Pertanto si è ritenuto che il danno ex art. 96 c.p.c. risulta slegato da quello effettivamente subito dalla vittima per il quale il giudizio è stato instaurato, ed è giustificato esclusivamente dal comportamento della parte che ha agito o resistito in giudizio con mala fede o colpa grave.

Se il danno risarcibile ai sensi dell’art. 96 c.p.c. è slegato dalla perdita subita dalla vittima, il Giudice sarà libero di liquidare qualsiasi somma reputi giusta ed equa per adempiere alle prescrizioni del precetto contenuto nell’art. 96 c.p.c. Il danno punitivo può essere quindi contenuto tra un margine minimo che va da una lira fino a una somma tale da incidere seriamente sulla parte responsabile.

Pertanto, il risarcimento del danno ex art. 96 c.p.c. dovrà essere tale da incidere di fatto sulle responsabilità economiche di chi del comportamento malevole o privo della normale diligenza fa uno stile di vita.

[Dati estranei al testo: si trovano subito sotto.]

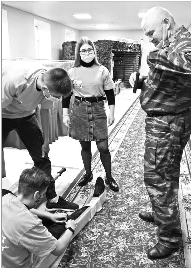
Транспортировка раненого – особая наука.

Мы привыкли отмечать День Победы 9 мая, когда закончилась Великая Отечественная война. Но Вторая мировая война продолжалась – до сентября шли бои на Дальнем Востоке, гибли, уничтожая врага, наши соотечественники.

A sostegno di questa lettura innovativa dal primo comma dell’art. 96 c.p.c. è possibile addurre anche l’art. 88 c.p.c. che al primo comma afferma il dovere delle parti di comportarsi in giudizio secondo lealtà e probità. La mancanza della parte a tale dovere sarebbe infatti priva di un'adeguata sanzione e la sua previsione si risolverebbe in una semplice frase di stile.

Alla luce delle considerazioni svolte pare dunque possibile individuare una duplice finalità dell’art. 96 c.p.c. di risarcire il danno causato dal riprovevole comportamento processuale dell’altra parte e di costituire un monito in grado di condizionare il comportamento delle parti del processo.

Quest’ultimo aspetto è realizzabile, come insegna la comune esperienza, solo quando la sanzione è rapportata alle condizioni economiche del soggetto da punire.